> _GOAL OF THE EXERCISE_
Skip the pictures, please, and write out exactly the lines from the opening of the data through the line containing "Indoor and Mobile".

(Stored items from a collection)
_____

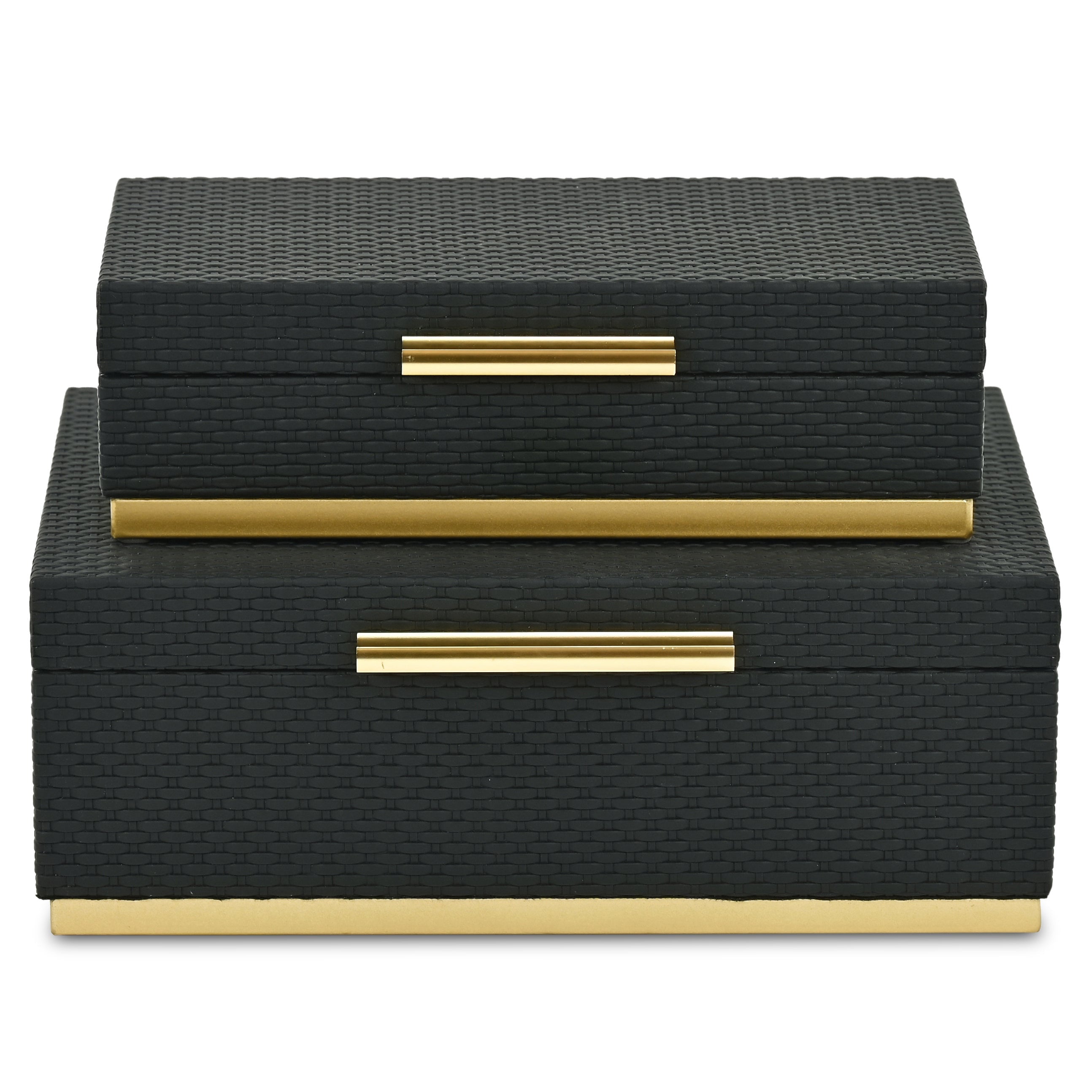 Set of Two Black And Gold Nesting Decorative Storage Boxes With Lids Default Title
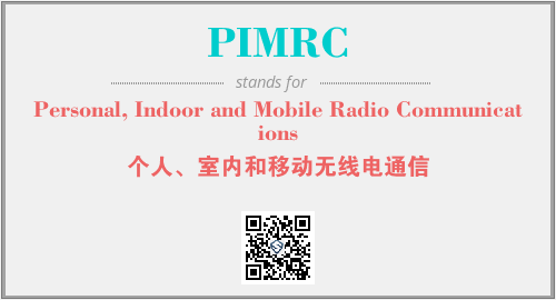 英文缩略词“PIMRC”经常作为“Personal, Indoor and Mobile Radio Communications”的英文缩写来使用,中文表示:“个人、室内和移动无线电通信”。本文将详细介绍英文缩写词PIMRC所代表英文单词,其对应的中文拼音、详细解释以及在英语中的流行度。此外,还有关于缩略词PIMRC的分类、应用领域及相关应用示例等。
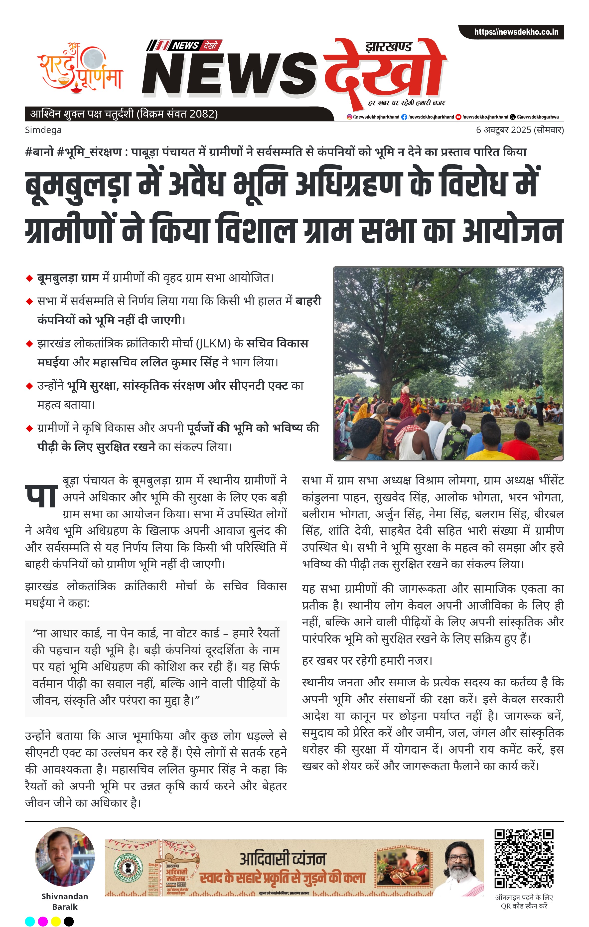 #बानो #भूमि_संरक्षण : पाबूड़ा पंचायत में ग्रामीणों ने सर्वसम्मति से कंपनियों को भूमि न देने का प्रस्ताव पारित किया बूमबुलड़ा ग्राम में ग्रामीणों की वृहद ग्राम सभा आयोजित। सभा में सर्वसम्मति से निर्णय लिया गया कि किसी भी हालत में बाहरी कंपनियों को भूमि नहीं दी जाएगी। झारखंड लोकतांत्रिक क्रांतिकारी मोर्चा (JLKM) के सचिव विकास मघईया और महासचिव ललित कुमार सिंह ने भाग लिया। उन्होंने भूमि सुरक्षा, सांस्कृतिक संरक्षण और सीएनटी एक्ट का महत्व बताया। ग्रामीणों ने कृषि विकास और…
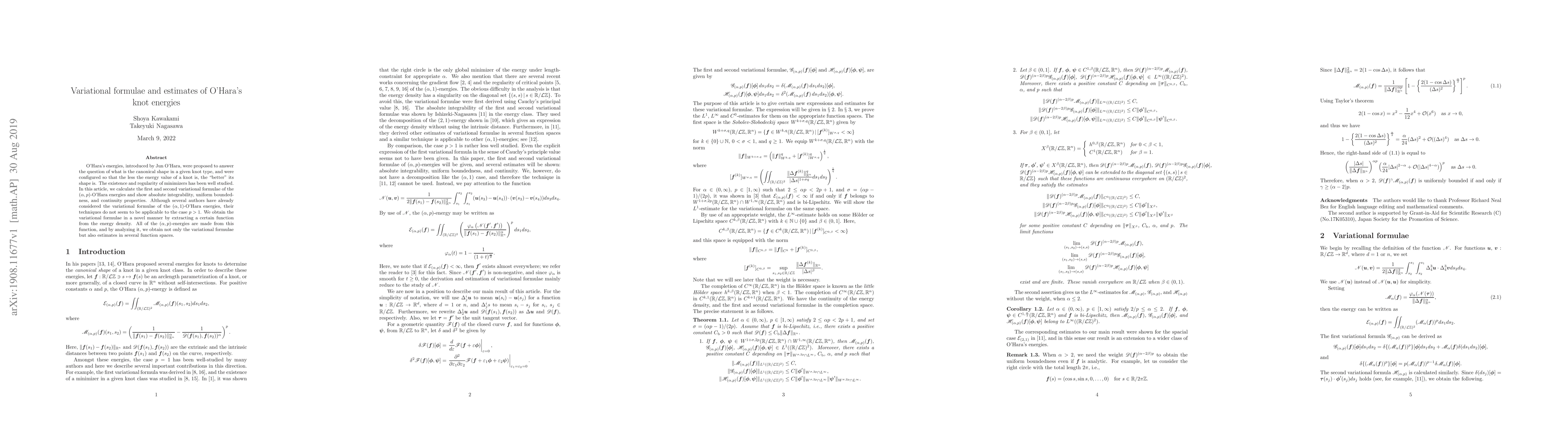Researchers calculated variational formulae for O'Hara's knot energies, showing absolute integrability and continuity properties, which aids in understanding the canonical shape of a given knot type.
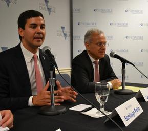 Keywords: groupshot people indoor Santiago Peña, minister of finance, Carlos Fernández, president of the Central Bank, and Germán Rojas, ambassador to the United States, joined Inter-American Dialogue President Michael Shifter for a conversation on Paraguay’s outlook. Photo by: Ben Raderstorf Santiago Peña, minister of finance, Carlos Fernández, president of the Central Bank, and Germán Rojas, ambassador to the United States, joined Inter-American Dialogue President Michael Shifter for a conversation on Paraguay’s outlook. Photo by: Ben Raderstorf |

_____

> _ANSWER FOR THE TASK_
 Set of Two Black And Gold Nesting Decorative Storage Boxes With Lids Default Title
 英文缩略词“PIMRC”经常作为“Personal, Indoor and Mobile Radio Communications”的英文缩写来使用,中文表示:“个人、室内和移动无线电通信”。本文将详细介绍英文缩写词PIMRC所代表英文单词,其对应的中文拼音、详细解释以及在英语中的流行度。此外,还有关于缩略词PIMRC的分类、应用领域及相关应用示例等。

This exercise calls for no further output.